The Joint Strike Fighter (JSF) will be the mass production of 5th generation aircraft of the 21st century. At October 26, 2001 there was an ongoing competition between Lockheed Martin (designer of aircraft to the left, the X-35) and Boeing (designer of aircraft to the right, the X-32). The winner of this contest will result in the replacement of the F-16. Unlike the F-22 JSF aircraft will be a relatively low cost. U.S. Air Force, U.S. Navy and the Royal Navy and U.S. Marine Corps will use the JSF.
In general, the fuselage will be the same, with some exceptions, the U.S. version Air Force conventional takeoff will be a multi-role fighter. The version of the U.S. Navy the JSF will be similar to Air Force version except with a stronger internal structure, landing gear and the hook of detention to allow carrier landings. U.S. Marines and Royal Navy version (X-35B) will be capable of short takeoff and vertical landing (STOVL), allowing this version of the JSF to land almost anywhere. The JSF will use many of the advanced technologies used in the F-22 fighter still remains a low cost 5th generation. Is scheduled to enter service around 2012.

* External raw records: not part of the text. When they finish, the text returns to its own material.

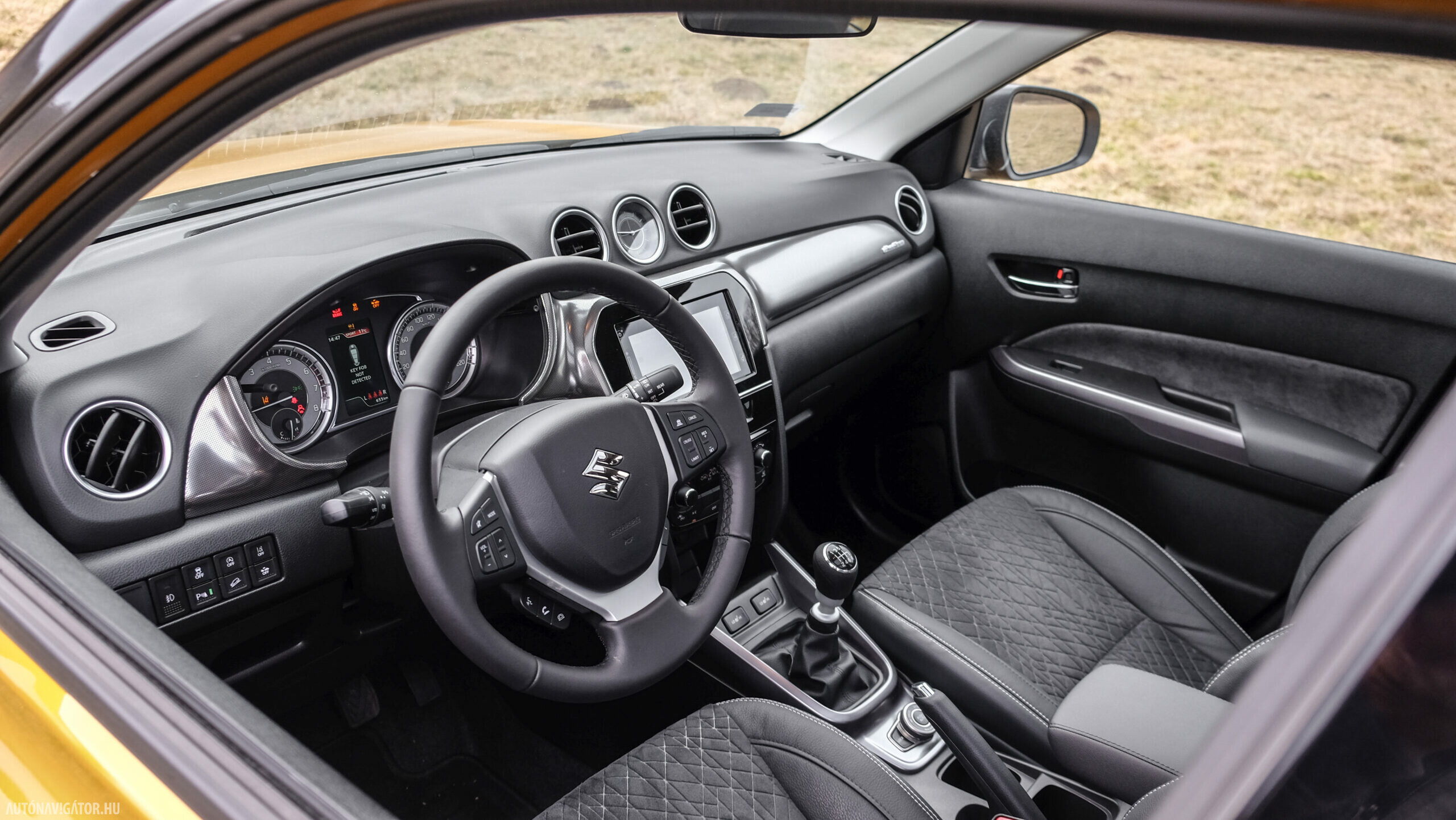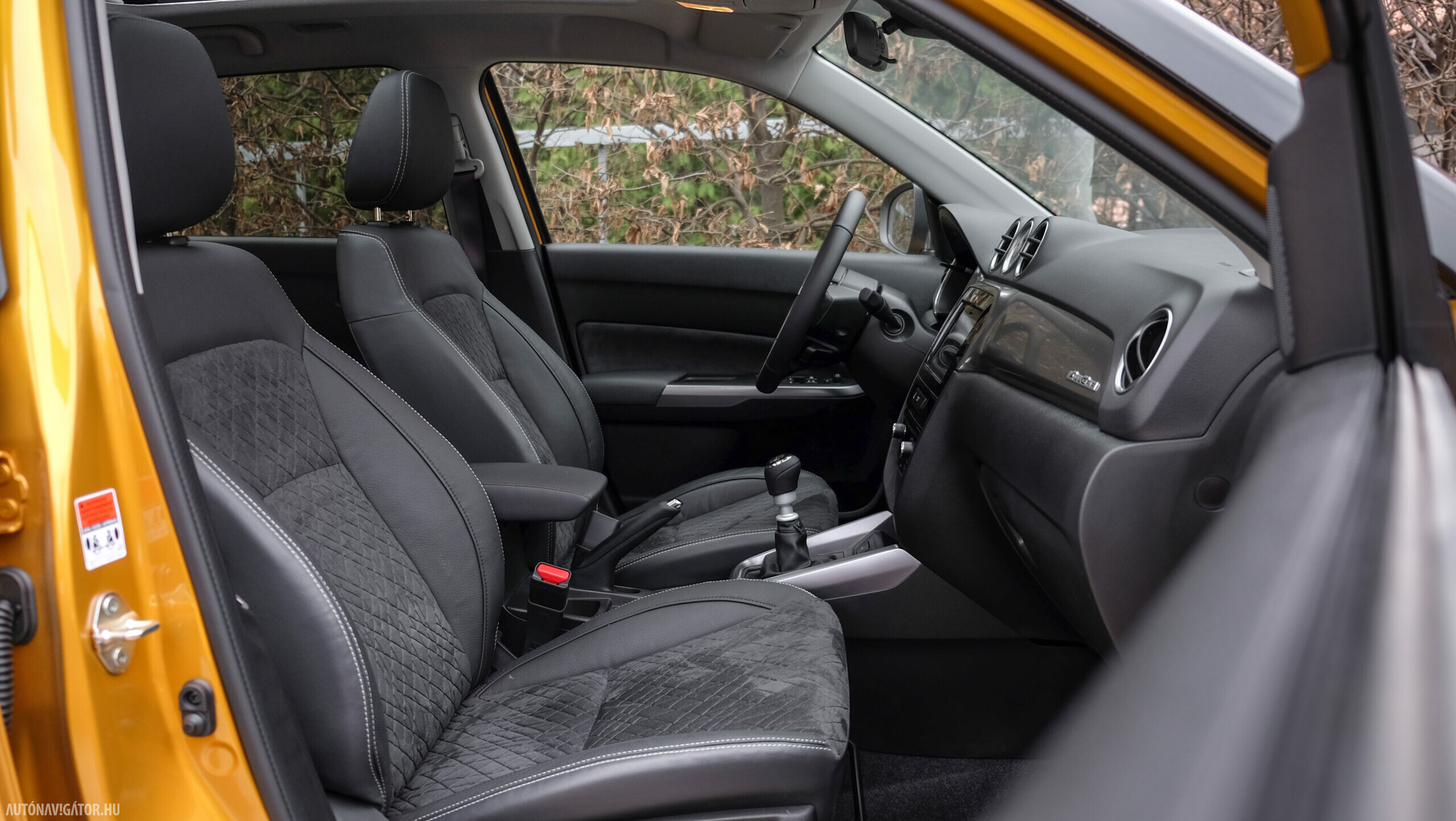 Magas az üléspozíció, az Alcantara szerű kárpit jó hangulatot kölcsönöz a Vitarának
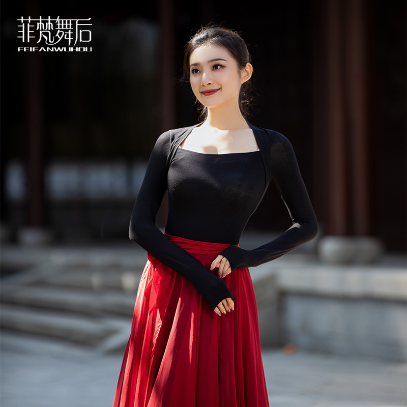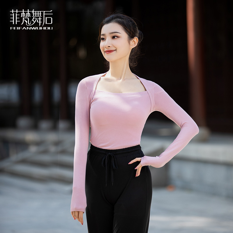 Dance blouses woman long sleeve back shoulder style Hepburn body training to ballet modern national classical dance practice
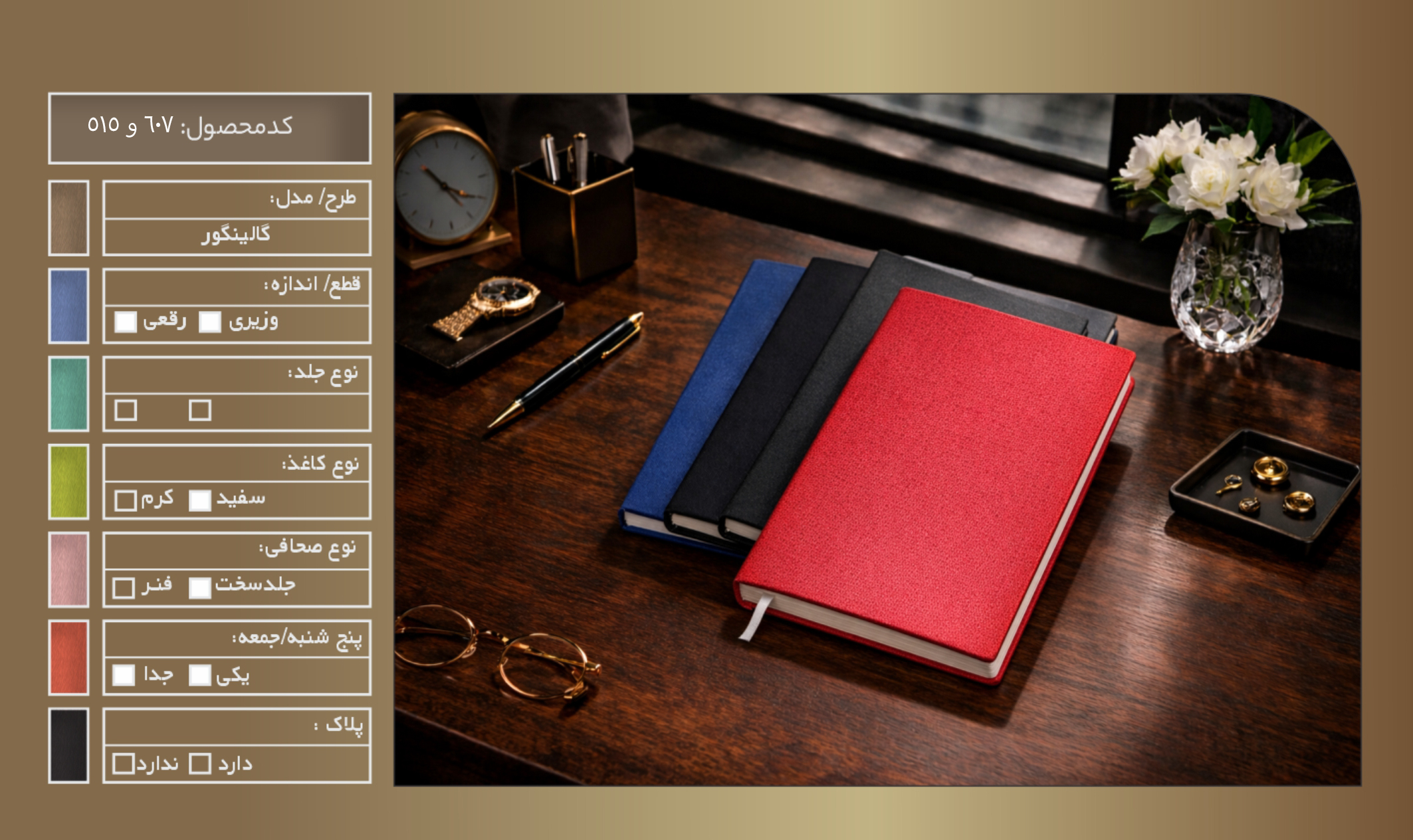 شما اینجا هستید: چاپ ایران کهن هدایای تبلیغاتی چاپ سررسید 1405 چاپ سالنامه متین کد 606

On July 7, 2006, with a nod to the history of the Air Force chief of staff of U.S. dubbed the F-35 Joint Strike Fighter "Lightning II". General T. Michael Moseley announced the decision Friday at Lockheed Martin facilities in Fort Worth, Texas, where he makes the stealthy multi-role fighter. The decision was based on information received from pilots and other services and coalition partners participating in the JSF program. The Lightning P-38, JSF's namesake, was designed in late 1930 and was used during the Second World War. The name also refers to a British supersonic aircraft called the BAC Lightning, built in the 1950s by English Electric. English Electric eventually became BAE Systems, an industry partner in the program. Moseley considered five names: Mamba, Cyclone, Piasa, Reaper and Spitfire II. The ceremony also marked the public launch of the F-35A conventional takeoff and landing variants.
The plane left the production line in February and has participated in ground tests since. The first flight of the conventional takeoff and landing (CTOL) F-35 aircraft of the variant is carried out on December 15, 2006, at Lockheed Martin in Fort Worth, Texas. The flight lasted 35 minutes, 25 minutes below the expected 1 hours, because data from two air sensors not working properly. Although not a direct threat, the procedure called for ending the flight at that time, preventing completion of the remaining evidence (including raising the landing gear).